О поэтах и поэзии: Гёльдерлин. Рильке. Тракль | страница 10



Поскольку кроток и набожен глас,
чествую я небожителей
ради гласа народного, смиренно-покойного,
но ради богов и людей
не всегда я на кротость способен!
(IV, 141)

А вот вторая редакция:

…И хотя
сказанья хороши, ибо полны
памяти Высочайшего,
все-таки нужен Некто,
кто сможет их истолковать.
(IV, 144)

Таким образом сущность поэзии включена в устремляющиеся друг к другу и друг от друга законы божественных намеков и народного гласа. Сам поэт стоит между теми и теми: между богами и народом. Он – выброшенный прочь в этот промежуток, в это между богами и людьми. Но исключительно и впервые именно в этом промежутке решается, кто такой человек и где он устраивает жительство своему бытию. «Поэтически жительствует человек на этой земле».

Беспрестанно и всё уверенней, из полноты наплывающих образов и все непринужденней посвящает Гёльдерлин этому промежуточному пространству свое поэтическое слово. Что и побуждает нас говорить, что он поэт поэтов.

Будем ли мы все еще полагать, что Гёльдерлин пребывал в плену пустых и завышенных самоотражений, ощущая недостаток мировой полноты? Или поймем, что этот поэт основы и сердцевины бытия поэтически измышляет из высшей меры натиска? Слова, которые он в одном из поздних стихотворений сказал об Эдипе, вполне справедливы и по отношению к нему самому, к Гёльдерлину:

Быть может, один глаз
был у царя Эдипа <даже> избыточным.
(VI, 26).

Гёльдерлин поэтически творит саму сущность поэзии – но не в смысле вневременно значащего понятия. Эта сущность поэзии принадлежит к определенному времени. Но не так, чтобы стараться быть соразмерным этому уже существующему времени. Заново учреждая существо поэзии, Гёльдерлин впервые определяет и новое время. Это время спешно ушедших богов и грядущего бога. Это оскудевшее (жалкое, смутное) время, ибо пребывает оно в двойном убытке и дефиците: уже отсутствуют спешно ушедшие боги и еще не пришли боги грядущие.

Существо поэзии, учреждаемой Гёльдерлином, исторично в высшей степени, ибо она предполагает историческое время. Но как историческая сущность она есть единственно существенная сущность.
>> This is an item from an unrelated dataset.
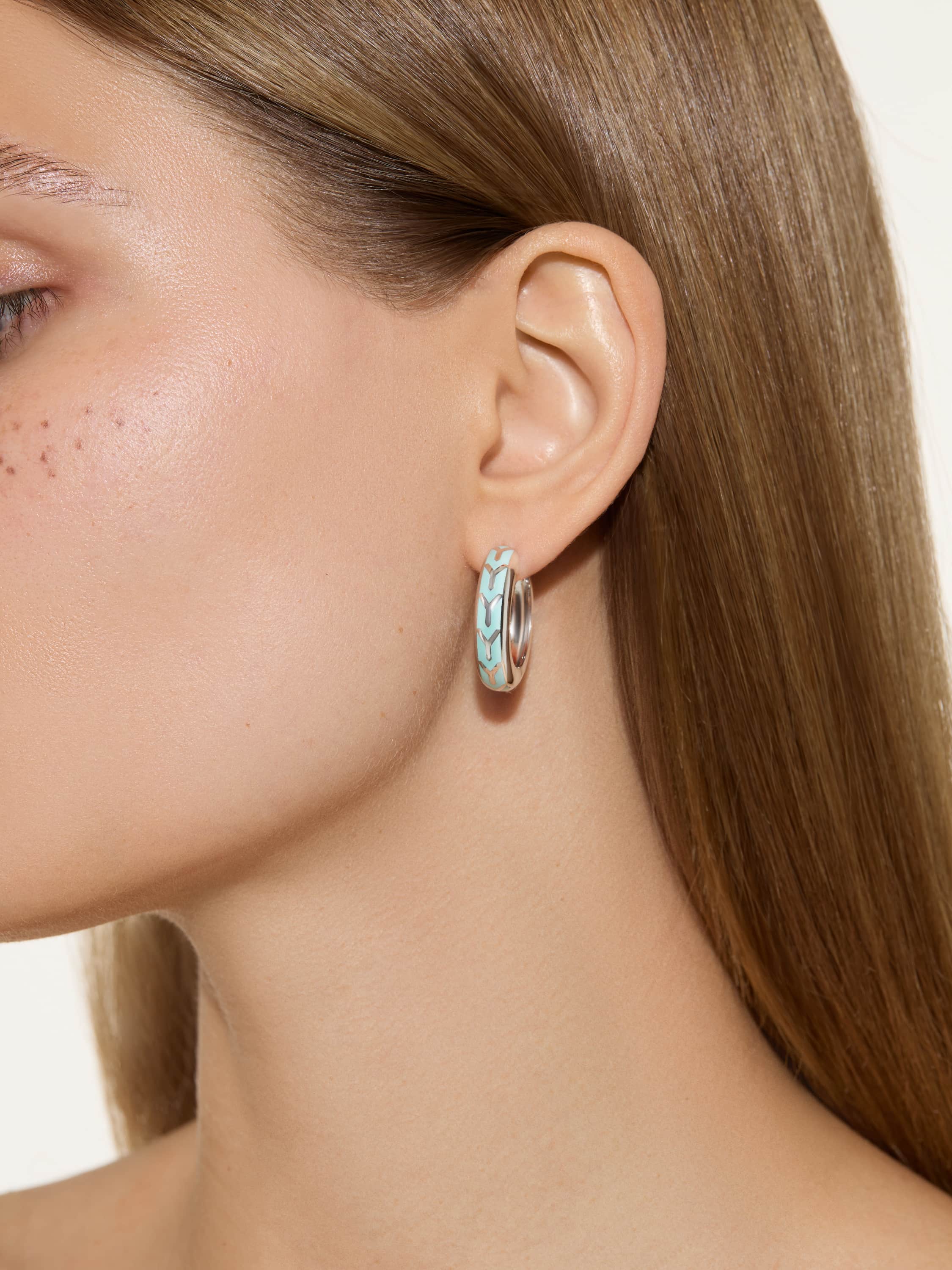 Paraiba-colored enamel hoops. Diameter: 2.5 cm.

Скудно и жалко нынешнее время, и потому его поэт сверхбогат, так богат, что часто думая о прошлом и терпеливо ожидая будущего, слабеет настолько, что желает в этой кажущейся пустоте лишь одного – заснуть. И все же он прочно стоит в Ничто этой Ночи. Покуда поэт, находясь таким образом в высочайшей разобщенности со своим собственным призванием, пребывает в самом себе, он действует как заместитель, добывая истину для своего народа. О чем и сообщает седьмая строфа элегии «Хлеб и вино» (IV, 123 и далее). В ней поэтически сказано о том, о чем здесь можно было бы высказаться лишь аналитически.